Sunday, April 23, 2000 Missoulian Editorial Congress is on Easter break and lawmakers are back on their home turf, visiting friends, foes and newsrooms. Last week, both Sen. Conrad Burns and Sen. Max Baucus stopped by the Missoulian offices for a chat about some of the issues they're working on - prescription coverage for seniors, how to help family farmers, aid for asbestos victims in Libby, trade with China.

One topic that affects the whole state is economic development. Baucus is particularly energized on this subject because he is pulling together an economic summit in Great Falls June 25-26. The goal: to get Montanans talking, at all levels, about developing a better climate for growing and attracting business to the state.

So what's a federal guy doing talking about state issues like the Montana economy? Using his bully pulpit, mostly.

It is an election year. Congress is more focused on campaigning than on policy, so there's a lull in Washington. Burns is up for re-election but Baucus isn't, so he's organizing the summit.

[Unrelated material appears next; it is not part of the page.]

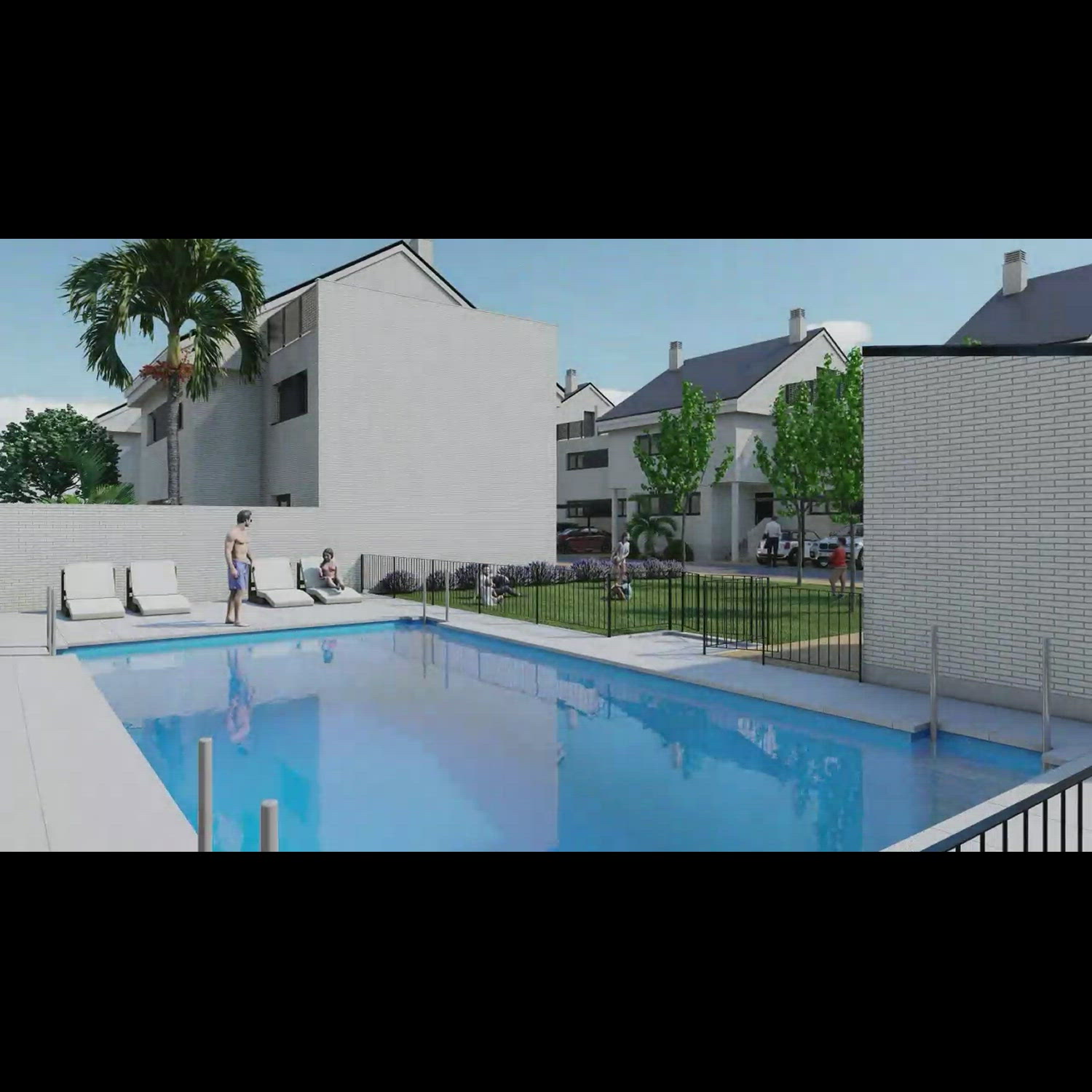 New building work underway. Our residential project features a gated community that emphasizes open spaces, with communal areas and a swimming pool. The complex includes paved walkways and landscaped areas.

Baucus has a unique, national view of Montana. He gets to see how all 50 states do business. He's convinced that Montana can improve its economy without sacrificing what it holds dear in nature, quality of life, and a healthy environment.

Baucus said he is concerned for a number of reasons, including:

€ Taxes. Montana's tax structure really does need attention, he says. Personal income taxes are high, he says, and that keeps people away.

€ Airline travel. Getting to and from Montana cities is expensive and inconvenient. Maybe communities and state government can help, he said.

€ Infrastructure. Can't be part of the "new economy" without better and faster computer access and connections.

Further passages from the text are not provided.